**DATASET CONTENT**
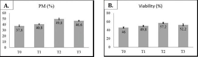 Fig. 1. Diagram showing the addition of green tea extract to egg yolk–milk diluent. (A) Progressive motility (%) and (B) viability (%) after thawing the semen of Gaok chicken.
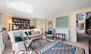 To the left, a secondary reception space with fully glazed French windows and large, remote-controlled Velux skylight windows with in-built blinds allows further natural light to flood the room.
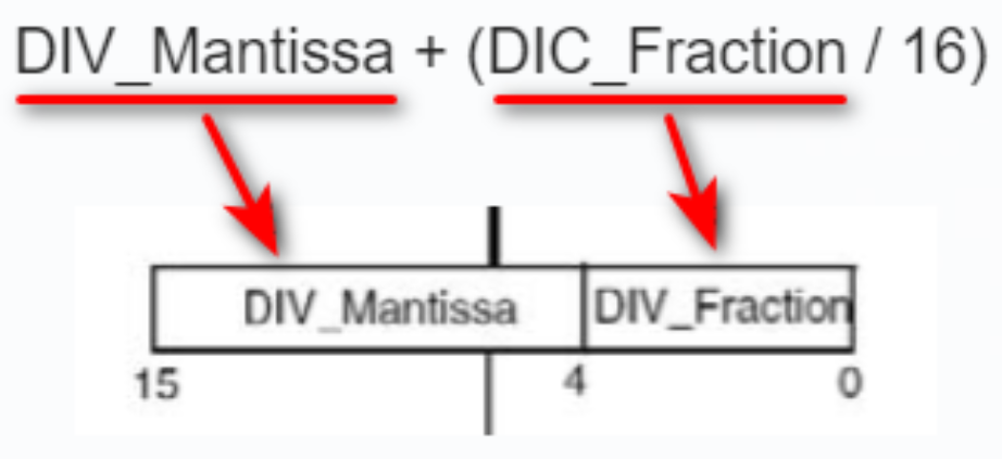 39.0625 = DIV_Mantissa + (DIC_Fraction / 16)
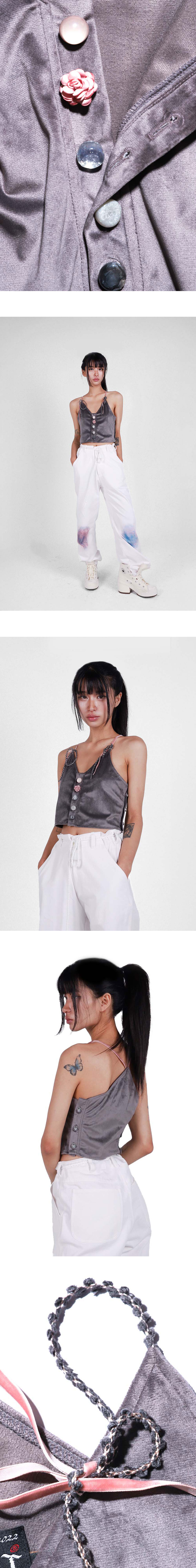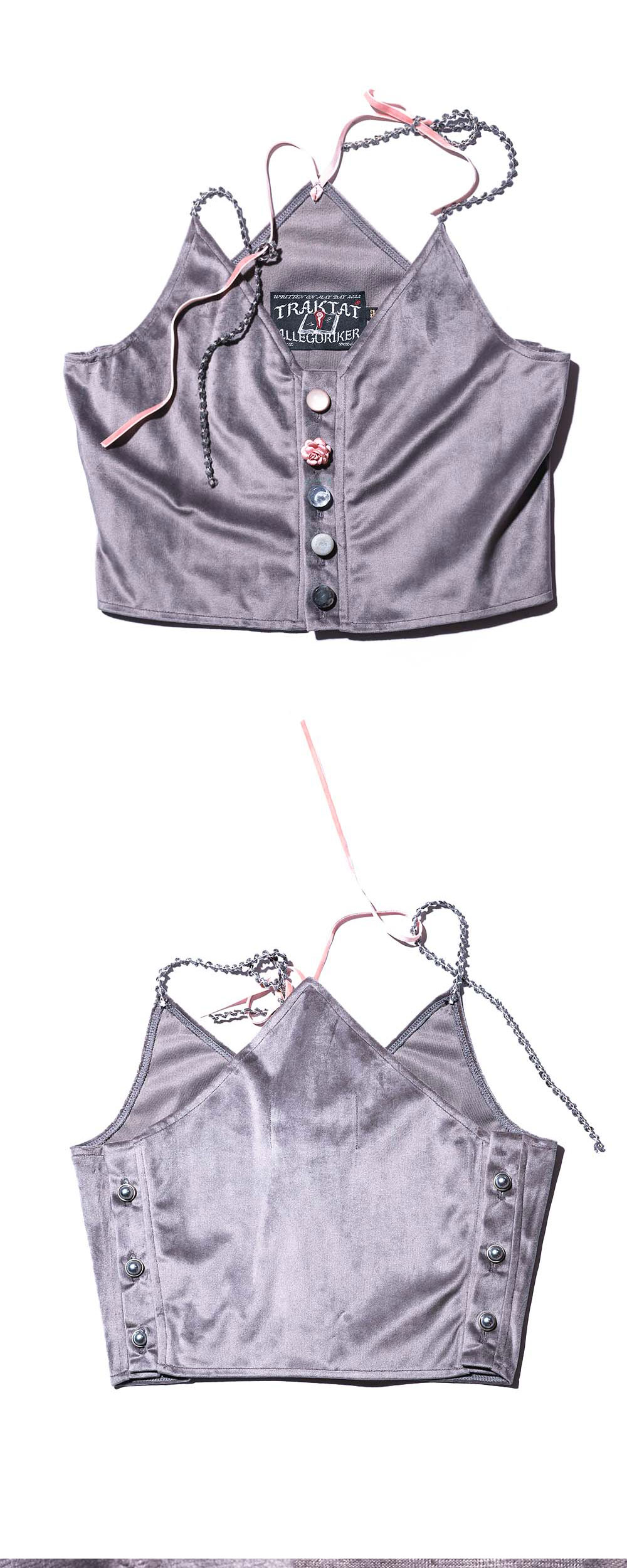 Designer's notes ⟡ 뾰족하게 솟은 상단 실루엣에 착안, 채도가 낮은 벨벳 원단을 채택하여 어스름하고 포근한 산의 형상을 그립니다. ⟡ 절개부에 달과 꽃, 원석, 열매 등을 연상시키는 단추를 부착해 어스름의 산을 채웠습니다. ⟡ Inspired by the sharply pointed upper silhouette, low-saturation velvet fabric is used to evoke the dim yet cozy form of a mountain. ⟡ Buttons reminiscent of the moon, flowers, raw stones, and fruits are attached along the seams, filling the dusky mountain. Made by Allegoriker ® Designed by Allegoriker ©
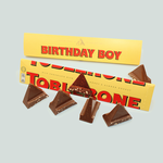 Presenting our 340g milk chocolate Toblerone, wrapped in a vibrant "Birthday Boy" sleeve. This isn't just a chocolate bar; it's a celebration in every bite. Make his special day unforgettable with the iconic creamy Swiss milk chocolate studded with honey and almond nougat, thoughtfully encased in a custom sleeve designed to bring joy and sweetness to his birthday. The perfect gift for the ultimate chocolate lover!
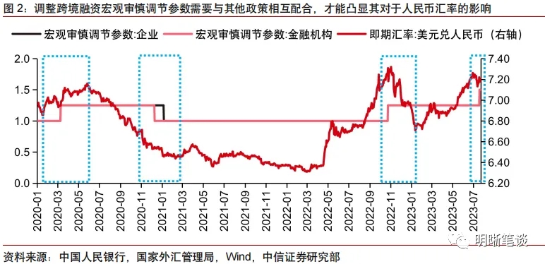回溯曆史,調整跨境融資宏觀審慎調節參數往往需要與(yu) 其他政策相互配合,才能更好地凸顯其對於(yu) 人民幣匯率的影響。根據中國人民銀行於(yu) 2016年4月發布的《中國人民銀行關(guan) 於(yu) 在全國範圍內(nei) 實施全口徑跨境融資宏觀審慎管理的通知》,企業(ye) 和金融機構開展跨境融資按風險加權計算餘(yu) 額(指已提用未償(chang) 餘(yu) 額),風險加權餘(yu) 額不得超過上限。其中,“跨境融資風險加權餘(yu) 額上限=資本或淨資產(chan) *跨境融資杠杆率*宏觀審慎調節參數”。以此次上調參數為(wei) 例,7月20日,央行和外管局宣布,決(jue) 定將企業(ye) 和金融機構的跨境融資宏觀審慎調節參數從(cong) 1.25上調至1.5。這將推動境內(nei) 主體(ti) 的跨境融資額度增加,或有助於(yu) 跨境資金流入,增加境內(nei) 市場美元流動性,進而緩解人民幣貶值壓力。另一方麵,作為(wei) 央行匯率工具箱的工具之一,調整宏觀審慎調節參數也能夠向市場釋放匯率預期管理信號。從(cong) 市場的曆史表現來看,調整跨境融資宏觀審慎調節參數的信號意義(yi) 或強於(yu) 實際意義(yi) ,其往往需要與(yu) 其他政策相互配合,才能更好地凸顯對人民幣匯率的影響。具體(ti) 來看:
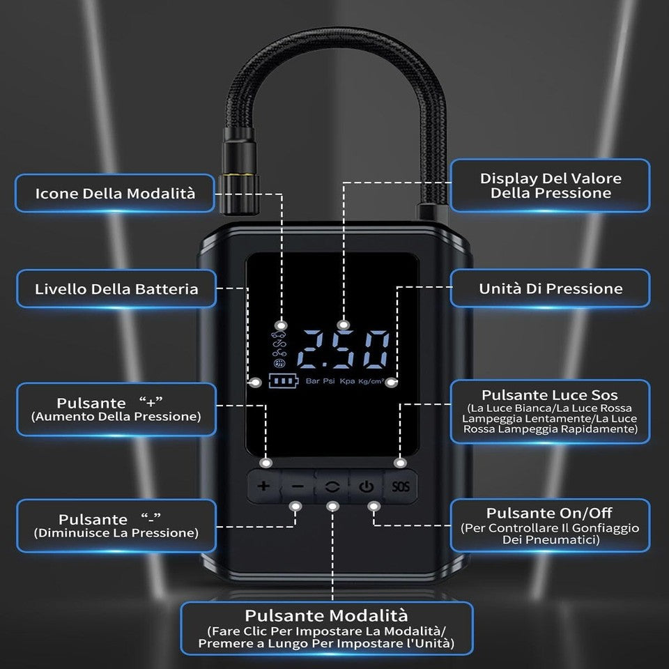 MINI COMPRESSORE AD ARIA AUTO PORTATILE GONFIATORE RICARICABILE DISPLAY LED AUTO
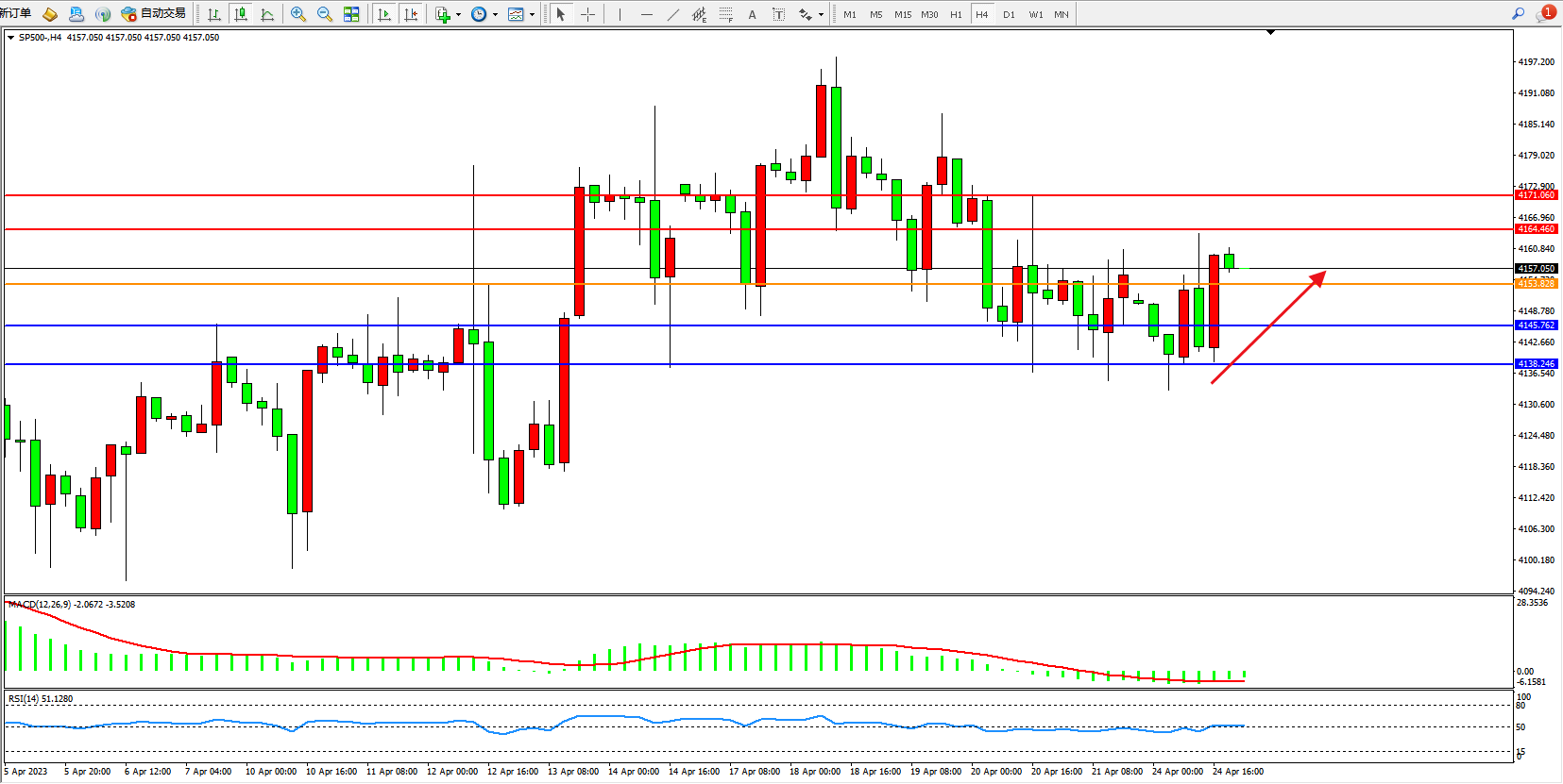 标普SP500——4小时K线图显示:

**PROBLEM REQUIREMENTS**
Only the lines of the listing above from the one with "To the left, a" through the one with "39.0625 = DIV_Mantissa + (DIC_Fraction / 16)" should be output, exactly, with both ends kept and pictures left out.

**TASK OUTPUT**
 To the left, a secondary reception space with fully glazed French windows and large, remote-controlled Velux skylight windows with in-built blinds allows further natural light to flood the room.
 39.0625 = DIV_Mantissa + (DIC_Fraction / 16)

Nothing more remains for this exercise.